# isn't this silly?



## OneSADClown (Apr 14, 2004)

this is not one of those "SA doesn't exist" threads or the like.. i've been thinking about this for quite some time, and today, after watching a British documentary called "What We Still Don't Know" (highly recommended), it just further cemented my belief that all our problems, no matter how big or how small, are just not important, on the large scale of things..

i'm sure there are a lot of philosophies that share this view (nihilism comes to mind), but i don't necessarily share their belief system.. there's also a similar view proposed by H.P. Lovecraft with Cosmicism, that i feel has more relevance to what i'm trying to explain..

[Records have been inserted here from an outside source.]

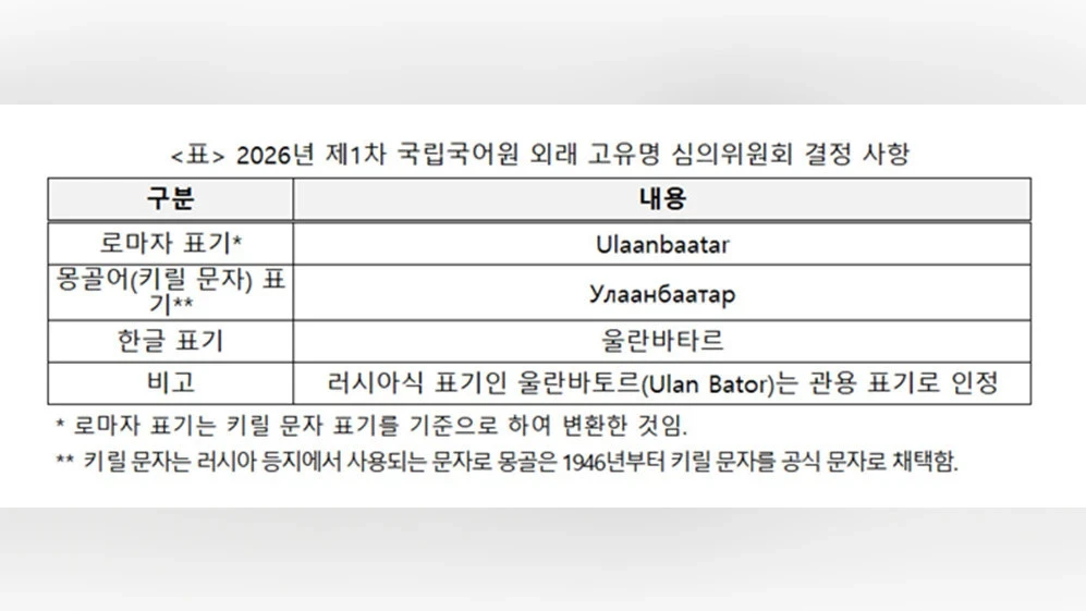 Маданият министрлиги жана Корей тилинин улуттук институту «2026-жылдагы чет элдик жеке аттар боюнча Корей тилинин улуттук институтунун биринчи жыйынын» өткөрүшүп, Монголиянын борборунун хангыл жазуусундагы маселени чечүү үчүн жыйын өткөрүштү. Талкуулоолордун натыйжасында жергиликтүү айтылышты эске алган «Улаанбаатар» жазуусун колдонуу чечими кабыл алынды.
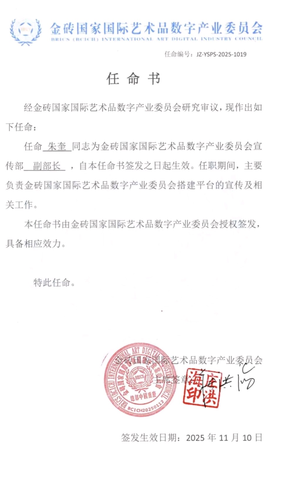 任命朱奎同志为金砖国家国际艺术品数字产业委员会宣传部副部长丨京港澳台世界头条发布
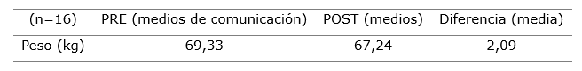 En primer lugar, se muestra la evolución del peso medio de los participantes de la intervención, de forma previa y posterior a la misma (Tabla 4). Como se puede observar, la media en kg de los participantes de forma previa a la intervención fue de 69,33 kg, por su parte, la media de forma posterior a la misma fue de 67,24. Por tanto, la diferencia media de peso generada tras la intervención fue de 2,09 kg.
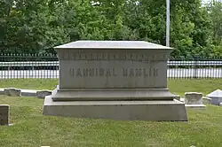 On July 4, 1891, Hamlin collapsed and fell unconscious while playing cards at the Tarratine Club he founded in downtown Bangor, and died there a few hours later, at the age of 81.[24] He was buried in the Hamlin family plot at Mount Hope Cemetery in Bangor. He outlived six of his successors in the vice presidency (Andrew Johnson, Schuyler Colfax, Henry Wilson, William A. Wheeler, Chester A. Arthur, and Thomas A. Hendricks), more than any other U.S. vice president. He was also the third American Vice President to die on Independence Day.
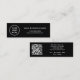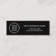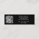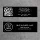 Modern and professional black mini business card for your business. The front features your logo, company name and a block of text for your slogan, contact details or other information. On the back, upload your QR code for customers to scan for a list of your products, services, prices or other information and add additional information in simple white typography.
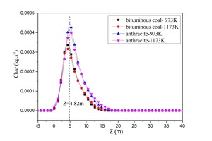 Pulverized coal combustion was investigated for bituminous coal and anthracite at different temperatures (973K and 1173K) in a horizontal fixed-bed reactor test system using computational fluid dynamics (CFD) software. The high temperature sufficed to promote NOx formation. For coals of identical mass, much more NOx formed during anthracite combustion than was the case for bituminous coal, but the maximum NOx concentration for bituminous-coal combustion was higher. Two experimental results are mutually complementary, providing important theoretical guidance for exploring the gaseous products of pulverized-coal combustion. Choosing anthracite as fuel and locating the coal inlets in the low-temperature zone could reduce the level of NOx emissions in the cement industry.
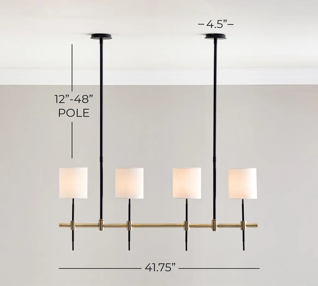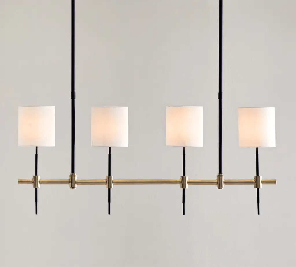 With a level of detail achieved only through high-end design and craftsmanship, our Reese Lighting Collection is clean-lined and sophisticated, defined by a masterful mix of rich finishes and materials that feel balanced and refined. An elegant interplay of vertical lines, the chandelier features four lights punctuating a brass- and bronze-finished steel rod, each topped with a linen drum shade for a soft and inviting glow.
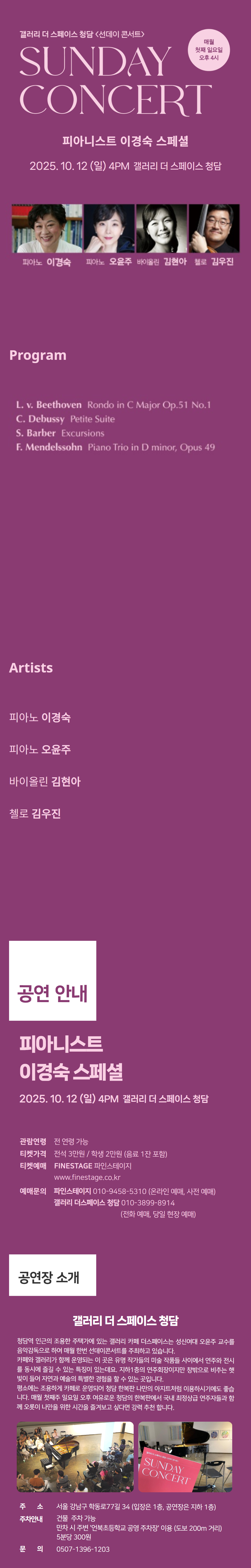 - 갤러리 더스페이스 청담 010-3899-8914 (전화 예매, 당일 현장 예매)
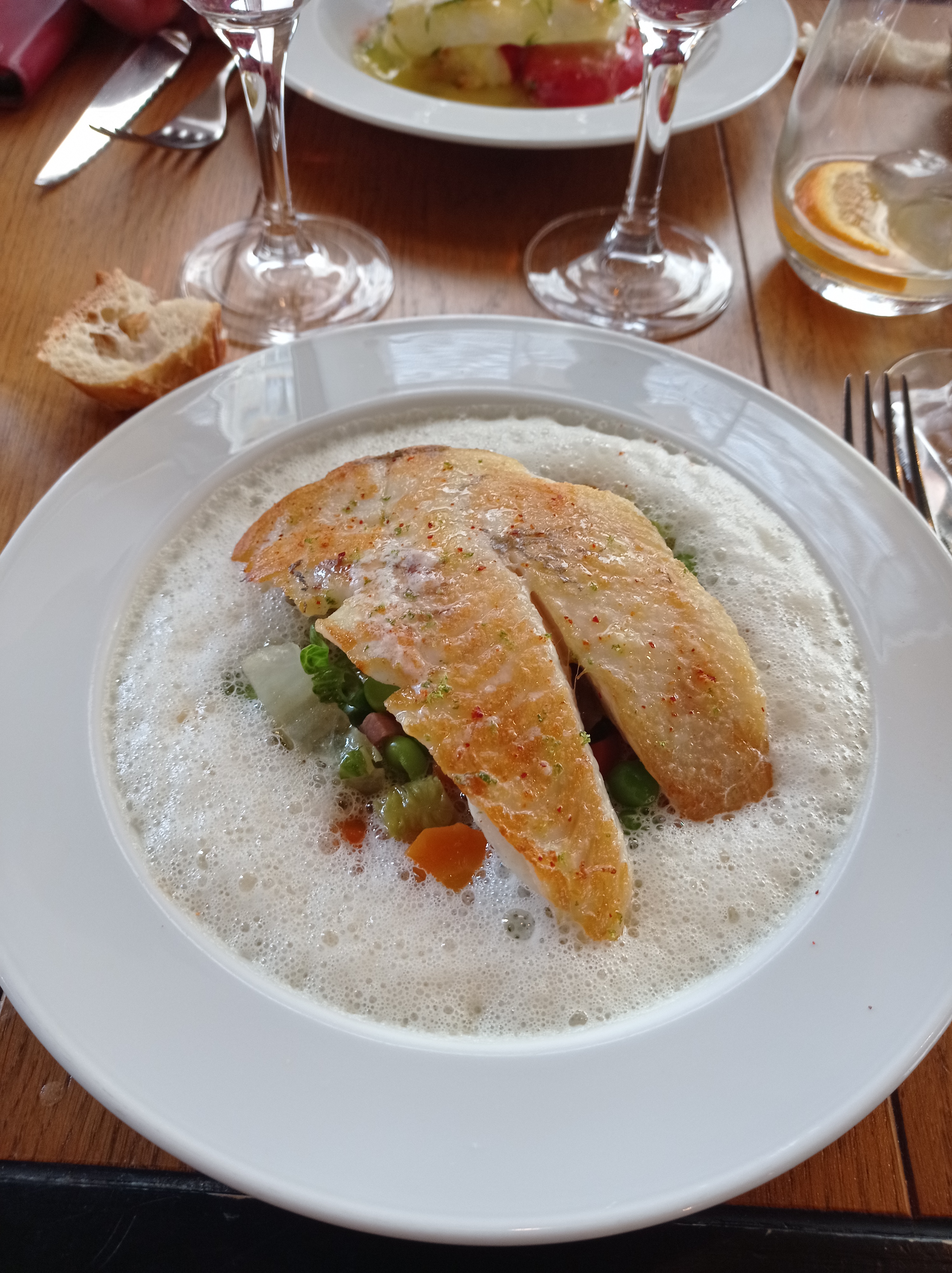 Un merlu à tomber par terre avec son espuma de jus de langoustines et zest de combawa ! Une tuerie merci pour ce délicat moment culinaire
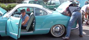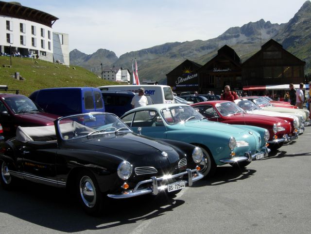 Bei strahlendem Sonnenschein gehts dann auf zur Silvretta-Hochalpenstrasse... ups... ein Karmann will nicht anspringen.... Ralf, Fritz und das gute Händchen von Liliane halfen dem hellblauen Karmann wieder auf die Sprünge...
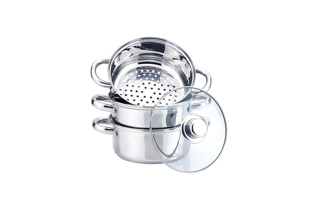 Трирівнева пароварка. Високоякісна нержавіюча сталь. Багатошарове термоаккумулирующее дно. Можливе використання на всіх типах плит
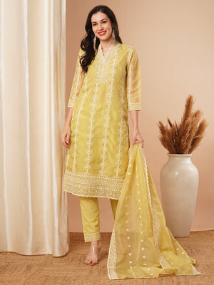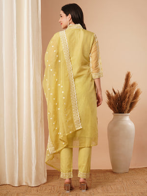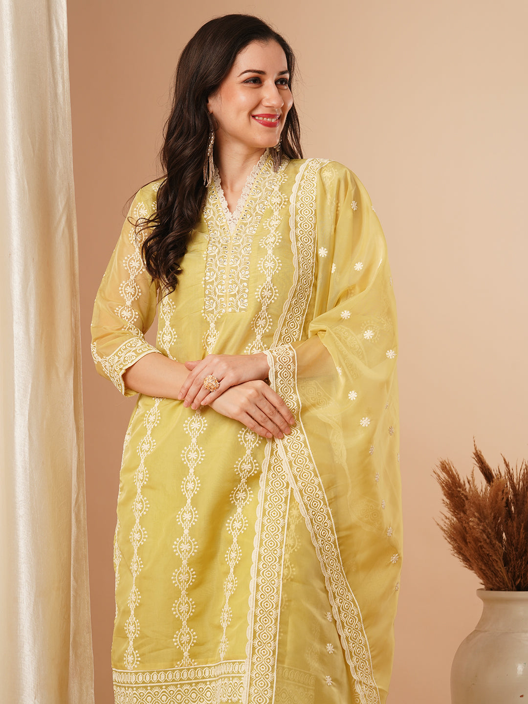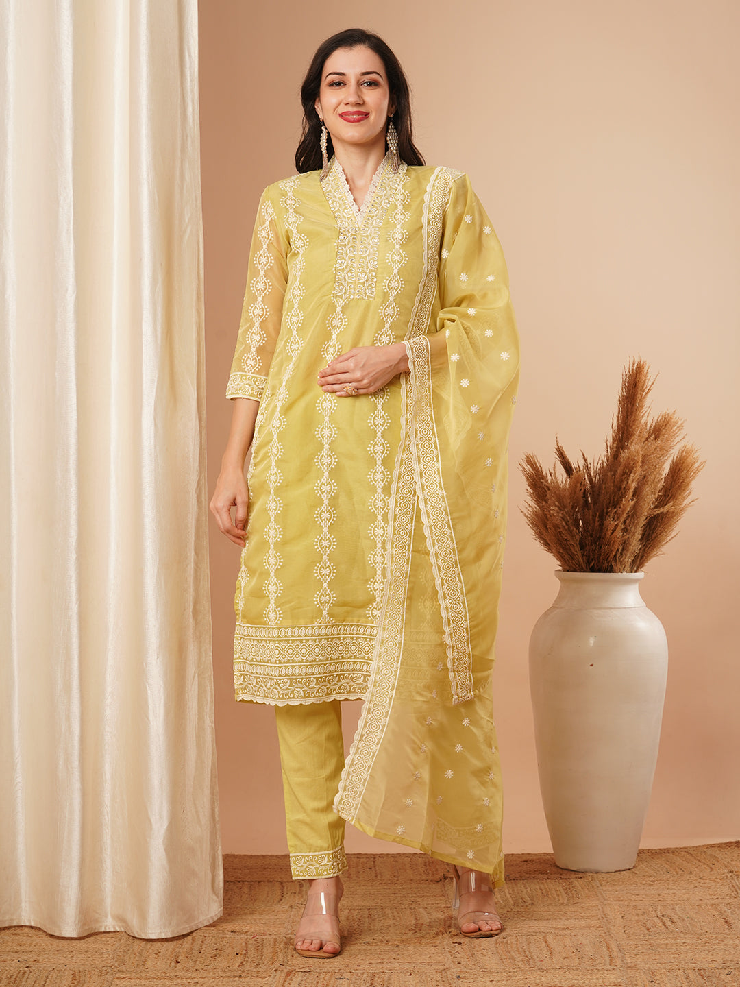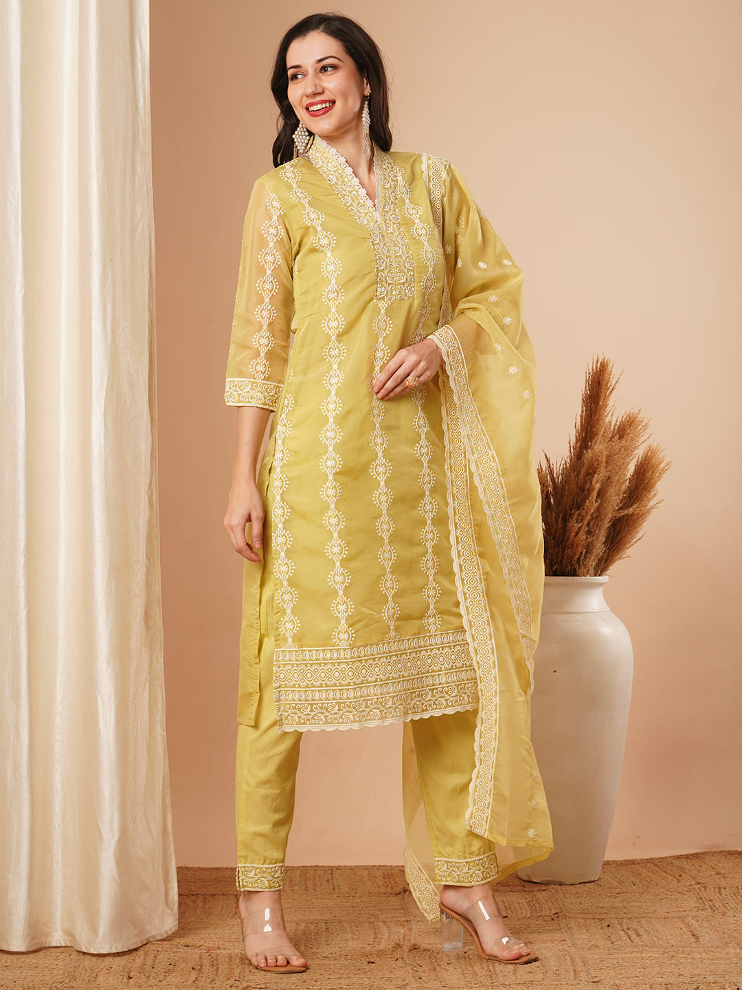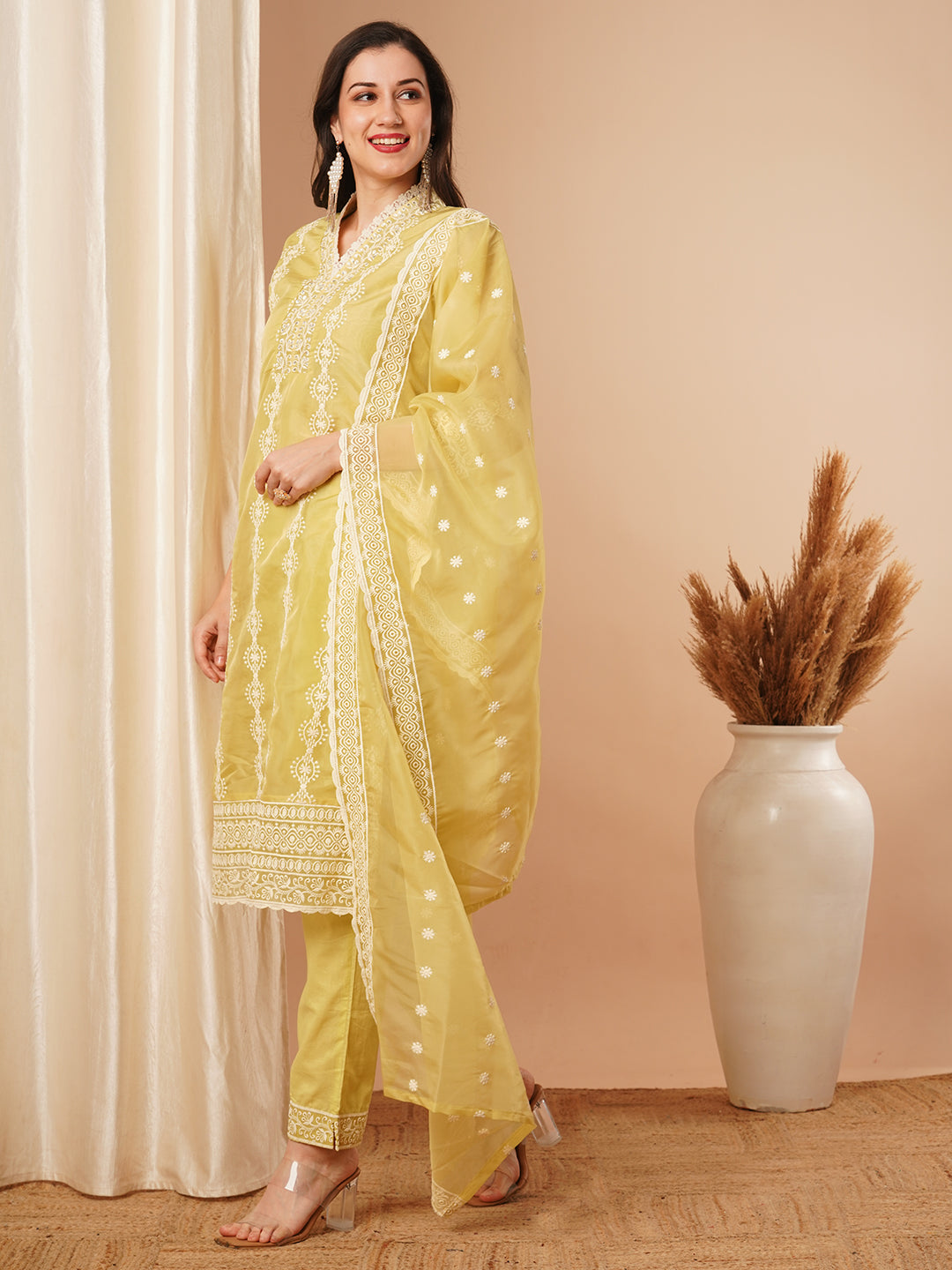 Ethnic Chikankari Embroidered Straight Fit Kurta with Pant and Dupatta - Green
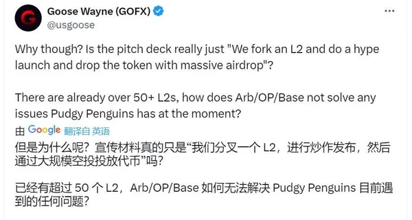 然而,在許多NFT項目市場表現低迷的背景之下,Pudgy Penguins的L2計劃卻引發社區調侃。Goose Wayne (GOFX) @usgoose評論說,「但是為什麼呢?宣傳材料真的只是『我們分叉一個L2,進行炒作發布,然後通過大規模空投投放代幣』嗎?已經有超過 50 個 L2,Arb/OP/Base 為何無法解決 Pudgy Penguins 目前遇到的任何問題?」
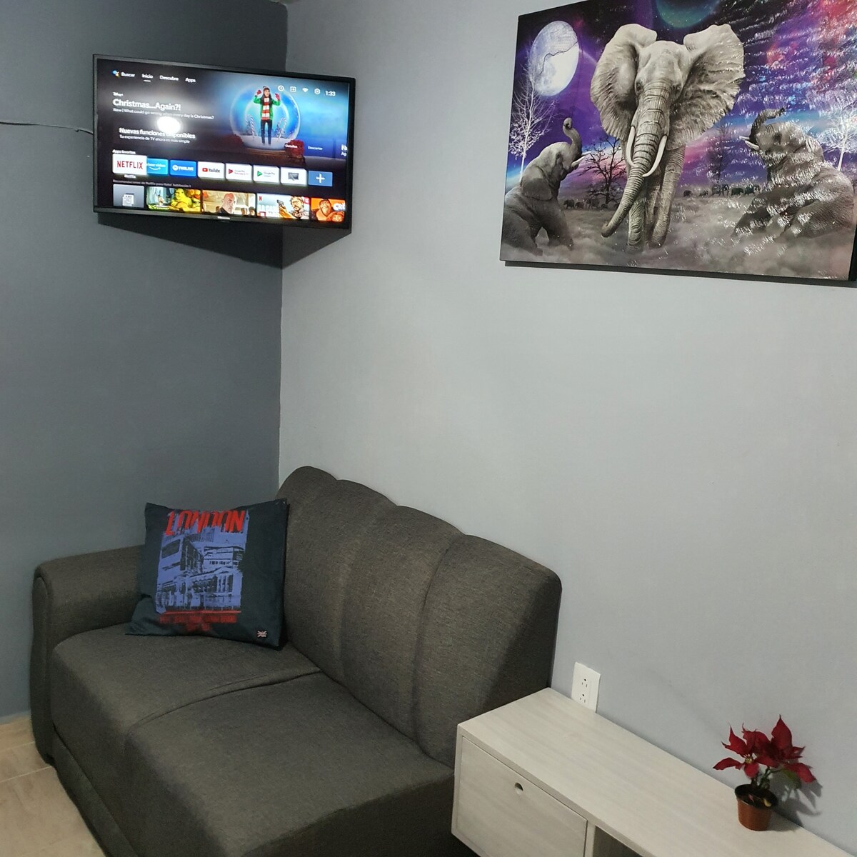 🏠 A unos pasos de toda la diversión. Factura por comisión adicional. Departamento interior pequeño, pero muy cómodo, céntrico, dos recamaras, sala, cocina-comedor, dos baños, cuarto de lavado, pasillo de entrada compartido. 🔷 Recamara 1: cama kingsize 🛏️ smart tv 📺 streaming, baño completo 🛁 🔷 Recamara infantil: cama individual 🛏️ 🧸🚗 🧩 baño completo chico 🚽🚿 🔷 Sala: smart tv 📺 streaming, sofá cama 🛋️ 🔷 Cocina-comedor 🍽️, frigobar, microondas y estación de café ☕️
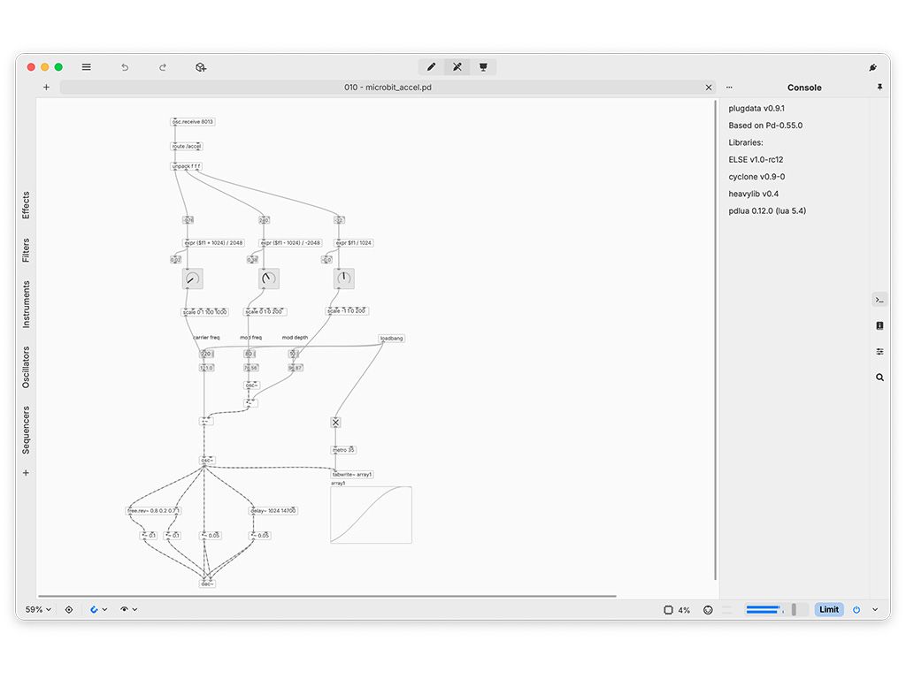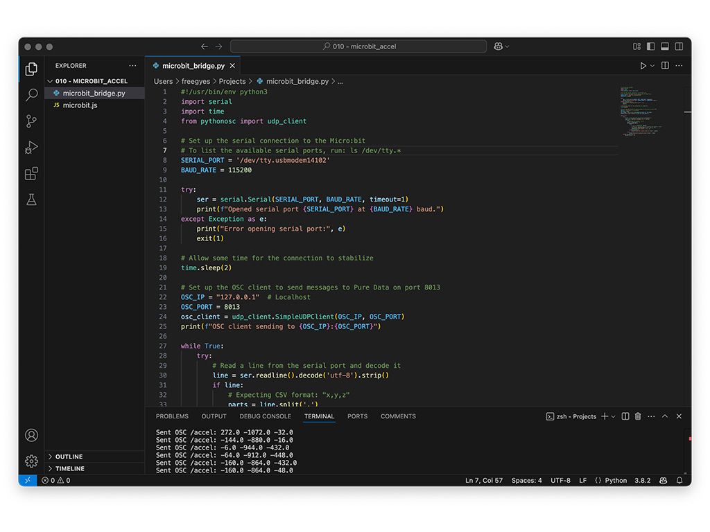 After spending hours patching in plugdata, I wondered—what if I could control sound with motion? I had an early version of a micro:bit lying around, which has a built-in accelerometer. The idea was simple: use the XYZ coordinates of the micro:bit's accelerometer to modify parameters in my patch.
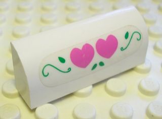 Slope, Curved 1 x 4 x 1 1/3 with Two Dark Pink Hearts and Green Leaves Pattern (Sticker) - Set 5890

here's the deal.. we're tiny. in the language of the universe, we -- and i'm talking about the human race -- might as well be nonexistent. there is simply far too much going on around us that we simply don't understand yet, for us to be concerned with "i hope she likes me" or "i wonder if i sound like a dork". there are trillions and trillions of planets, stars and galaxies, and an unquantifiable amount of matter in our universe alone. *and that just accounts for roughly 15% of what our universe is made of.* the other _85%_ we have no idea about, and haven't even begun to understand how it works, where it comes from, or even what it is. it's been dubbed Dark Matter and Dark Energy, but everything else is just speculation. to make things more confusing, there's the multiverse theory, the lengths of which we're not even capable to imagine.

this all might seem non-interesting to you, but consider the size of it all. the relative insignificance of our own big blue world, and everything on it. consider what we go through everyday, what we do, feel, say, think... it's pretty much pointless. now, i'm not saying we shouldn't worry about it and feel like there's no consequence to anything we do, because that's just destructive in nature, and i'm not proposing that.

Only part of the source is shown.